February 2, 2025 marks the first enforcement provisions of the EU’s AI Act going into force. The initial phase targets what the regulation classifies as “unacceptable risk” AI systems — including social scoring, real-time biometric surveillance in public spaces, and manipulative AI designed to exploit vulnerabilities. Penalties for violations can reach €35 million or 7% of global annual turnover, whichever is higher. For a seed-stage startup, that is not a fine. It is an extinction event.

What actually changes today

The AI Act uses a tiered risk framework. Today’s enforcement covers only the top tier — prohibited practices. The heavier obligations around “high-risk” AI systems (hiring tools, credit scoring, medical diagnostics) will not kick in until August 2026. General-purpose AI model rules land in August 2025.

But the psychological weight of today’s date extends far beyond the banned categories. According to a survey from the European Digital SME Alliance, more than 60% of small and medium-sized tech companies say they are not adequately prepared for compliance with any phase of the AI Act. Nearly half reported that they had not yet conducted a risk classification of their own AI systems — a foundational first step.

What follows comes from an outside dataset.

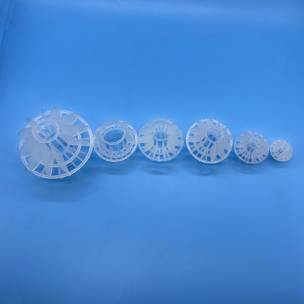 該產品采用聚丙烯塑料制成球狀,在球中部沿整個周長有一道加固環(huán),環(huán)的上下各有十二片球瓣,沿中心軸呈放射性布置,由于表面積大,傳質效率高,產品的球瓣于球瓣之間空間大,且重量輕 強度大,安裝方便,耐高溫 耐腐蝕,性能穩(wěn)定。

The numbers suggest a gap that is not just technical but cognitive. Many companies were built in an environment where European AI regulation was theoretical. Today, it is operational.

Why most startups say they are not ready

The readiness problem has three roots.

Regulatory ambiguity

Despite years of legislative debate, critical details remain unclear. The EU’s AI Office is still developing guidelines, codes of practice, and technical standards that will define what compliance actually looks like in practice. Startups building AI-powered products are, in many cases, trying to hit a target that is still being drawn.

Resource constraints

Large enterprises have already stood up dedicated AI compliance teams. Early-stage startups lack that luxury. Legal counsel specialising in AI regulation is expensive and scarce. For a team of twelve burning through runway, hiring a compliance officer presents a contradiction — revenue is needed to survive, but compliance is needed to operate.

A misaligned timeline

Startup development cycles and regulatory timelines operate on fundamentally different clocks. Products pivot quarterly. Regulations take years to draft and then arrive all at once — 144 pages of legislation referencing dozens of yet-to-be-published standards.

The broader competitive anxiety

This enforcement moment arrives amid growing unease about Europe’s position in the global AI race. While EU regulators have been finalising compliance frameworks, Chinese AI companies have been shipping products at a staggering pace — the recent launch of DeepSeek’s R1 model rattled markets and prompted fresh debate about whether Europe is regulating itself into irrelevance.

That anxiety is real, but it can also be overstated. Regulation and innovation are not necessarily zero-sum. GDPR was predicted to cripple European tech; instead, it created a global standard and a cottage industry of privacy-tech companies. The AI Act could follow a similar trajectory — painful in the short term, strategically advantageous over time.

Still, the timing matters. With stock markets jittery amid trade tensions and geopolitical uncertainty, European AI startups face a fundraising environment where investors are already cautious. Adding regulatory uncertainty does not help.

What startups can actually do right now

Founders who act decisively in the next six months — before the general-purpose AI rules land in August — could turn compliance into a competitive advantage.

First, determine where a product sits in the AI Act’s risk framework. The AI Act Explorer maintained by the Future of Life Institute is a practical starting point. If a product is nowhere near the prohibited categories, today’s enforcement date is mostly symbolic — but August 2025 and August 2026 are not.

Second, start building audit trails now — training data provenance, model decision logs, risk assessments. The AI Act places heavy emphasis on transparency, documentation, and human oversight. Investors increasingly want to see governance maturity as well.

Third, track the EU AI Office’s codes of practice currently being developed with industry input. Early visibility into what compliance looks like before the rules are finalised is a tangible advantage.

Finally, frame compliance work not as overhead but as de-risking. Smart VCs are already factoring regulatory readiness into due diligence. In a tightening market, that narrative matters.

The road ahead

Today’s enforcement is the beginning, not the climax. The most consequential provisions — governing high-risk systems, foundation models, and general-purpose AI — are still months away. The startups that treat this moment as a wake-up call rather than a crisis will be best positioned when the full regulatory weight lands.

Europe chose to regulate AI early and comprehensively. Whether that proves visionary or self-defeating depends less on the law itself and more on whether the ecosystem — founders, investors, and regulators — can build the infrastructure of trust that makes the whole framework functional.